Child and Teen Suicide: It’s Real and It’s Happening
(c) VictoryLab Inc. 2018
What can we do to prevent it?
With today, September 10th, being World Suicide Prevention Day, we at VictoryLab aim to educate and inform people of the high rate of adolescent suicide in Canada; but, most importantly, how we can prevent it.
It’s difficult to comprehend that children as young as 5 to 9 years old are able to take their own lives, yet there were two of these suicides reported in Canada in 2011. In addition to that, 657 children from ages 5 to 11 committed suicide in Canada from the years 1993 to 2012. Child suicide is real, and the numbers are often much higher than many people assume. According to a report by Kids Help Phone, one in five Canadian teenagers have seriously considered suicide in the past year. Not only is this number strikingly high, but even with suicide being such a large cause of death, teenagers still feel as though they aren’t being offered the help that they need.
[If you or someone you know is considering suicide, help is available. The Distress Centre and Suicide Prevention Lifeline offers 24/7 support. The Distress Centre can be reached via phone at 403-266-4357 or via website here. The Suicide Prevention Lifeline can be reached via phone at 1-800-273-8255 or via website here.]
Our goal is to help spread awareness and to provide people with the necessary steps to take when they suspect that an individual they know is suicidal. By doing so, we hope to help prevent suicide, or to encourage a suicidal individual to seek help. Here are some ways that you can help stop teen and child suicide:
Recognize the warning signs
These warning signs may include things such as a drop in academic performance, or a change in an adolescent’s daily activities. They can also include changes in behaviour like getting into trouble, eating or sleeping less/more, or withdrawing from friends and family. If you notice a significant change in emotion, like angry outbursts or increased irritability, these are also important warning signs to recognize and to seek help for. The signs are not always blatantly obvious, which makes it difficult to notice them when they’re happening, but, educating yourself on how to identify these warning signs can potentially help save a life.
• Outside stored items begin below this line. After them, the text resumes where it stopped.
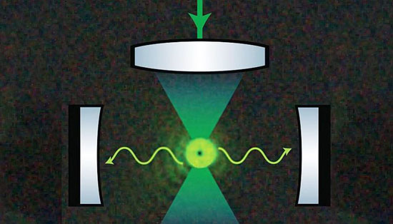 Une nanoparticule dans une pince optique disperse une infime partie de la lumière de la pince dans presque toutes les directions. Si la particule est positionnée à l’intérieur d’une cavité optique, une partie de la lumière diffusée peut être stockée entre ses miroirs. En conséquence, les photons sont préférentiellement diffusés dans la cavité optique. Cependant, cela n’est possible que pour la lumière de couleurs spécifiques, ou autrement dit pour les énergies de photons spécifiques.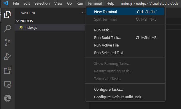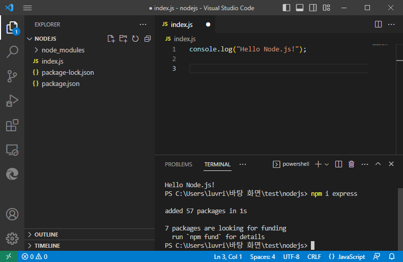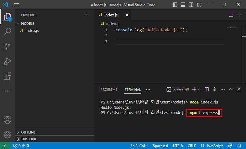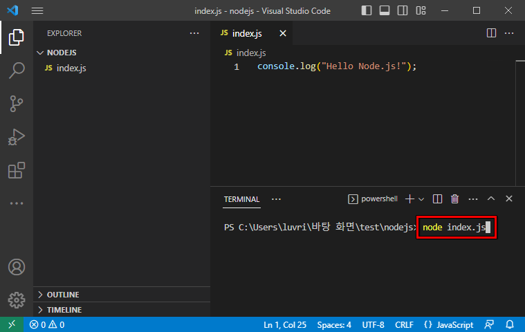 - 터미널에서 해당 파일 실행 (node.index.js)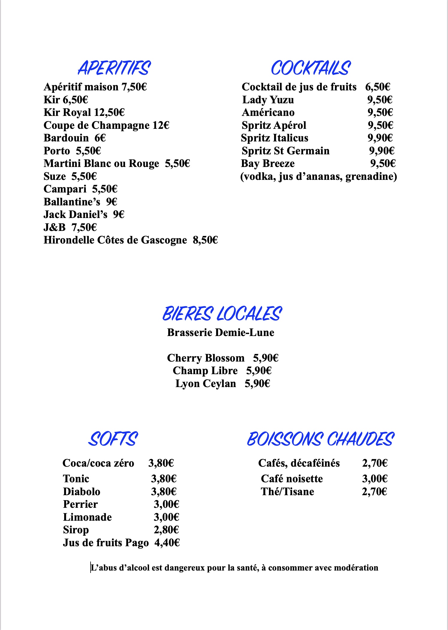 Nous sommes fermés pour congés d'Hiver du 9/02 au 16/02 inclus, ré ouverture le mardi 17 Février au déjeuner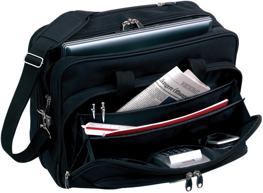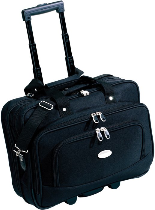 44 x 47 x 22 cm. Capacidad 36 litros aprox. Bolso / valija con manija extensible en tres tiempos. Sistema trolley, con ruedas. Compartimento acojinado porta notebook.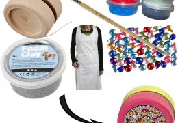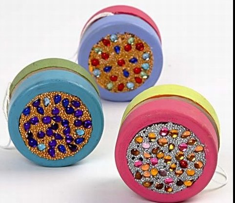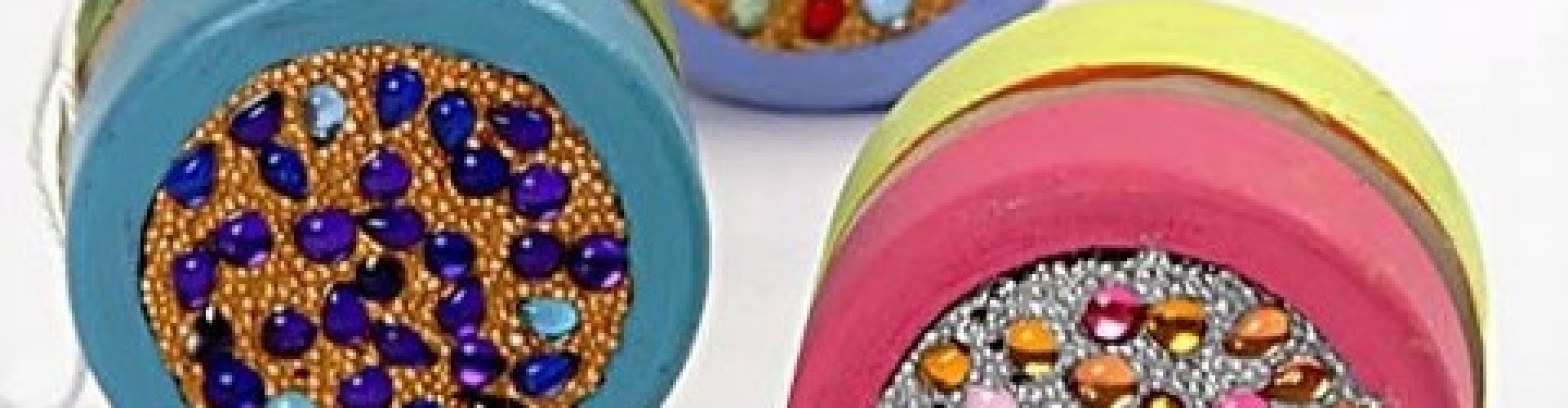 Als de jojo’s droog zijn, zet je de foamklei en de strassteentjes op tafel. De kinderen kunnen foamklei in de holte van de jojo drukken. Zorg dat het gelijkmatig is opgevuld. Nu kunnen de strassteentjes in de natte foamklei gedrukt worden.

Listen and be attentive to the adolescent’s thoughts and emotions
It’s important to ask an adolescent how they’re feeling, and if they’ve ever considered harming themselves. If so, something that is important to avoid is attempting to “fix” the problem. The most beneficial thing that you can do is to acknowledge the individual’s feelings without attempting to find a quick solution to their “problem”, and then to seek help. It’s extremely important to express support, and to let the individual know that they’re not alone.
Get help immediately
If you recognize the warning signs and are worried that someone you know may be planning to harm themselves, seek medical attention for the individual immediately.
Preventing child and teen suicide is difficult, as we’re not often shown the correct steps and tools towards actively helping an adolescent who is suicidal. But, educating yourself and learning to recognize the warning signs may help save someone’s life, which is the highest priority. In honor of World Suicide Prevention Day, we encourage you to check on your friends and family, and offer support to those who you recognize may be in need.